RECORDS SUPPLIED ::
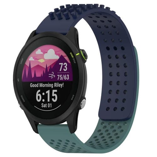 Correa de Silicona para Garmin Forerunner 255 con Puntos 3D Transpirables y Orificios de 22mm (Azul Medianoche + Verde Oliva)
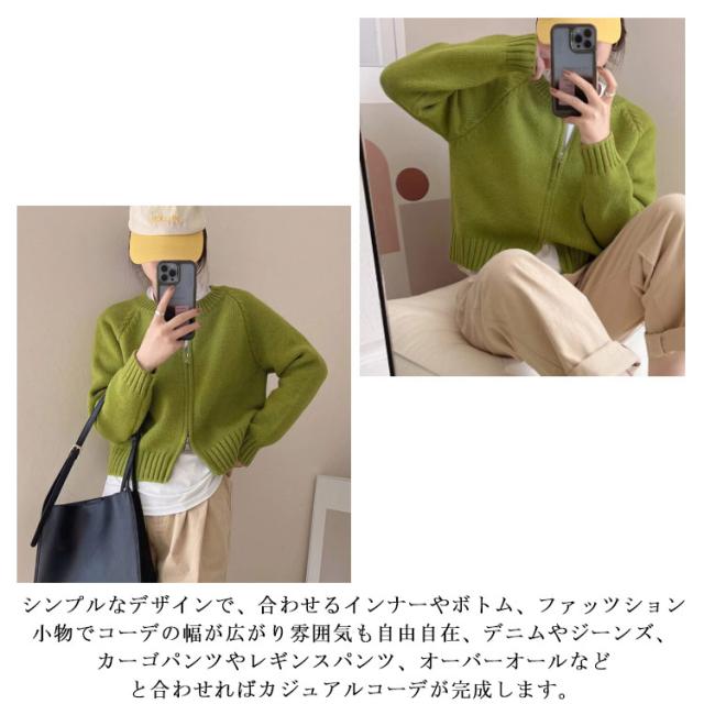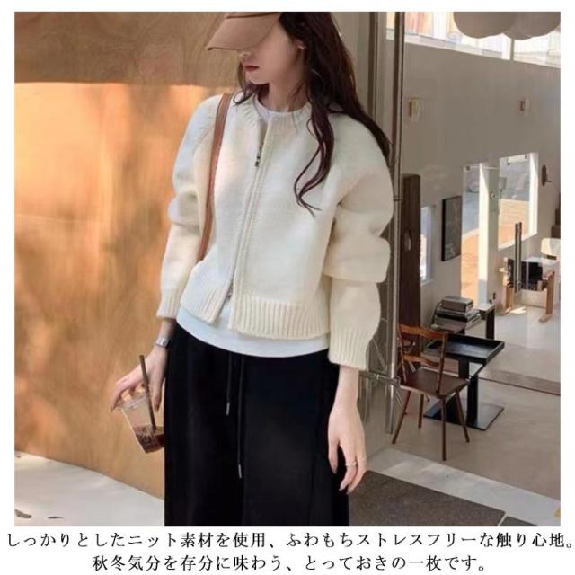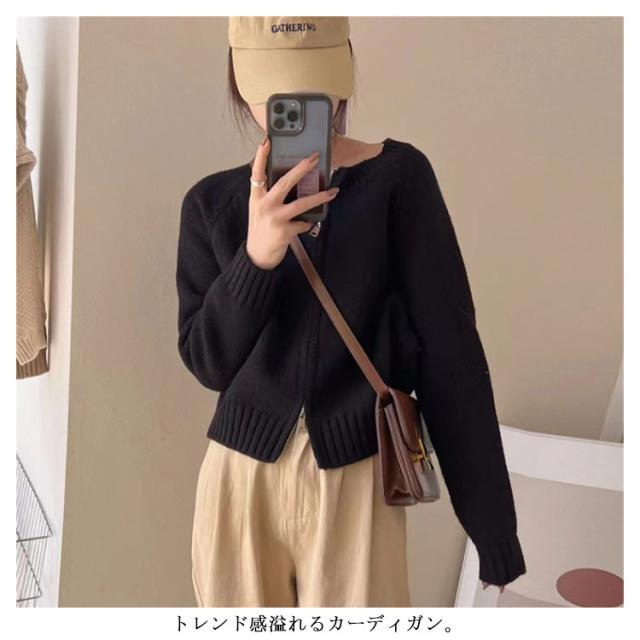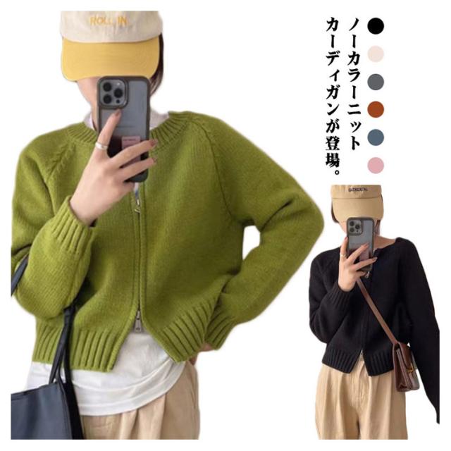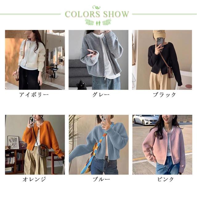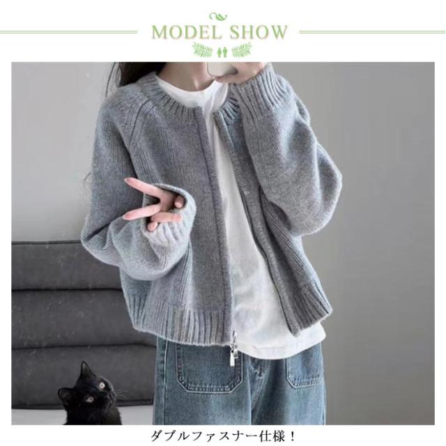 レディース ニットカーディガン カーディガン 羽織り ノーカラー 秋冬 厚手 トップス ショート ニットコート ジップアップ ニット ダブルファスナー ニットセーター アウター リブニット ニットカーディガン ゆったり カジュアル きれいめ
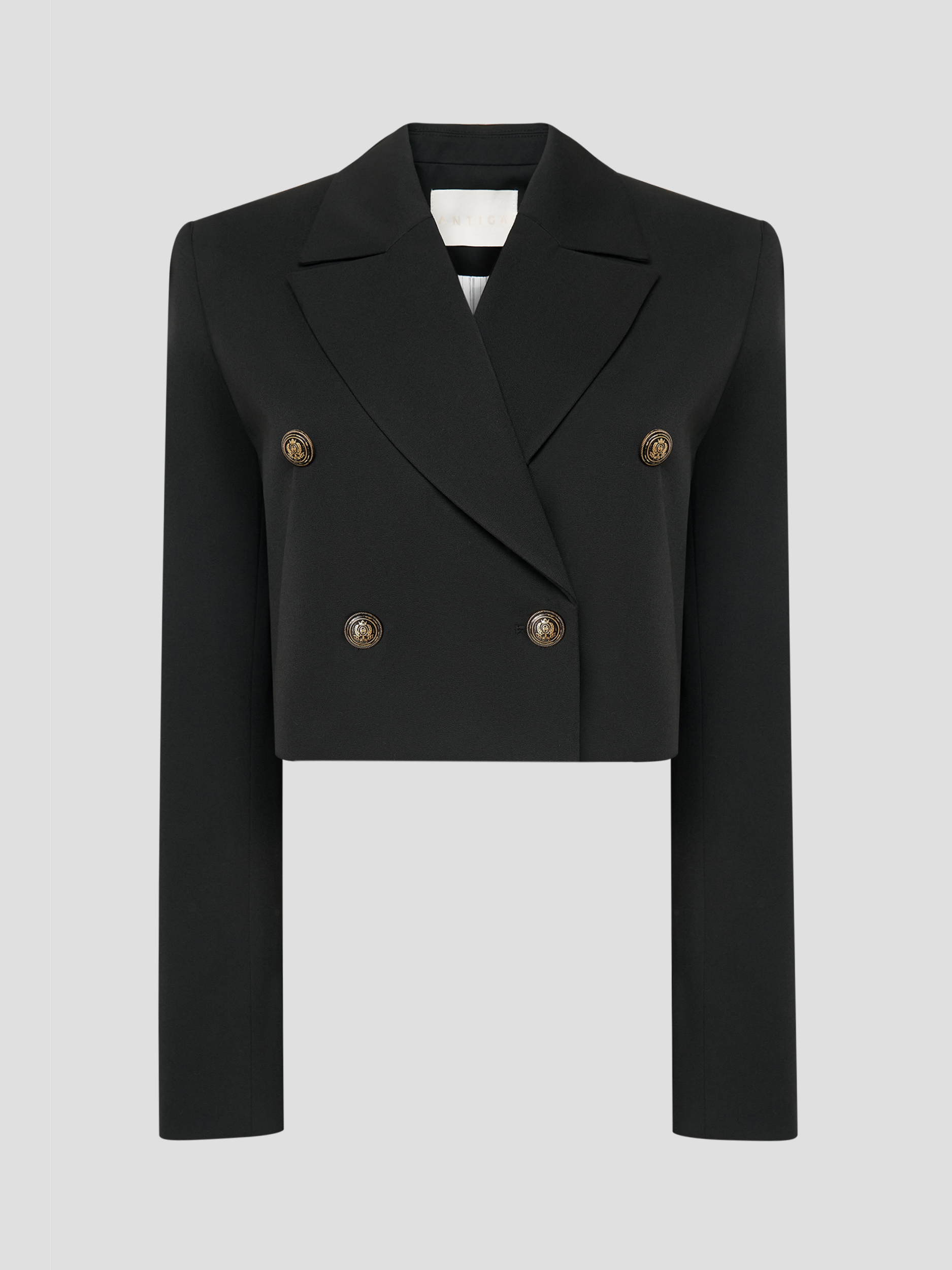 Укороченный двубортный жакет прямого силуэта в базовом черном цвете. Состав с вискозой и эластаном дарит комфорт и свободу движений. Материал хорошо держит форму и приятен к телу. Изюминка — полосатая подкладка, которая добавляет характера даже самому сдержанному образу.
--
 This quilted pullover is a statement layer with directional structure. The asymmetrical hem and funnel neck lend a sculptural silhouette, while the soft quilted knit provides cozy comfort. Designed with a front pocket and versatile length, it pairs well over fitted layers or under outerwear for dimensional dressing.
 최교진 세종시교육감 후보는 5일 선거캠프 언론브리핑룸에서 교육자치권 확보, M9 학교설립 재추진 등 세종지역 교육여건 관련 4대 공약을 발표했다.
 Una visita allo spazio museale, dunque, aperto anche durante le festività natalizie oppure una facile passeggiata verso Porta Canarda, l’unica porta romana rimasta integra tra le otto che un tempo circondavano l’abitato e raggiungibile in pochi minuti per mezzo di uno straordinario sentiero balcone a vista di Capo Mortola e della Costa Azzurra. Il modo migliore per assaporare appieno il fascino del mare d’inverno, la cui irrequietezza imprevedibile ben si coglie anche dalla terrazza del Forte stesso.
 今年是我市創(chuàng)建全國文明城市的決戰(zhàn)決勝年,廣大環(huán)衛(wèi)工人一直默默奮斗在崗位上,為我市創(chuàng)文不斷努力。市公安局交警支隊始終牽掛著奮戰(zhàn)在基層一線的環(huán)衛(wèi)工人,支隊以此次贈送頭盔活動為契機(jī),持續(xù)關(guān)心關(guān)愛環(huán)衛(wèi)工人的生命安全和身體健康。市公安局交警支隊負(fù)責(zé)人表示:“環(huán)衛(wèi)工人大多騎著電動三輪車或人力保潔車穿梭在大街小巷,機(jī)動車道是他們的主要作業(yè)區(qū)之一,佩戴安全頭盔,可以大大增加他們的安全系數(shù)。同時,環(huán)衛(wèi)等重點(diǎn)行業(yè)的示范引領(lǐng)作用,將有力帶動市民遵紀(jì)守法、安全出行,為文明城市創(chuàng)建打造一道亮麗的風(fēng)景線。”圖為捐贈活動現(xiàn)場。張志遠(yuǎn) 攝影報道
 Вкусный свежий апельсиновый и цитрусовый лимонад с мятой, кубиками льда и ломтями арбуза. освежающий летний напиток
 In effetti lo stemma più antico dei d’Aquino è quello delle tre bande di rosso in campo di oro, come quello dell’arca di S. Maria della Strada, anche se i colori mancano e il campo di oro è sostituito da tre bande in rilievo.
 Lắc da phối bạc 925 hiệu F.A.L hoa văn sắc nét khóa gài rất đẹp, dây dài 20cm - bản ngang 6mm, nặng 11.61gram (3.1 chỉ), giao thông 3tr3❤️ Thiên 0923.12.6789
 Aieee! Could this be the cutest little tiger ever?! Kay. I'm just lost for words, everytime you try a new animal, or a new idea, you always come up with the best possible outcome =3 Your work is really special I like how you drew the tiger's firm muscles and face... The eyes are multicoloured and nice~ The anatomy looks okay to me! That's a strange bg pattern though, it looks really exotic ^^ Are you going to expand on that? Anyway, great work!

WHAT YOU WILL DO :: Locate all lines in the listing above with the word "come". Copy them.

RESPONSE ::
 In effetti lo stemma più antico dei d’Aquino è quello delle tre bande di rosso in campo di oro, come quello dell’arca di S. Maria della Strada, anche se i colori mancano e il campo di oro è sostituito da tre bande in rilievo.
 Aieee! Could this be the cutest little tiger ever?! Kay. I'm just lost for words, everytime you try a new animal, or a new idea, you always come up with the best possible outcome =3 Your work is really special I like how you drew the tiger's firm muscles and face... The eyes are multicoloured and nice~ The anatomy looks okay to me! That's a strange bg pattern though, it looks really exotic ^^ Are you going to expand on that? Anyway, great work!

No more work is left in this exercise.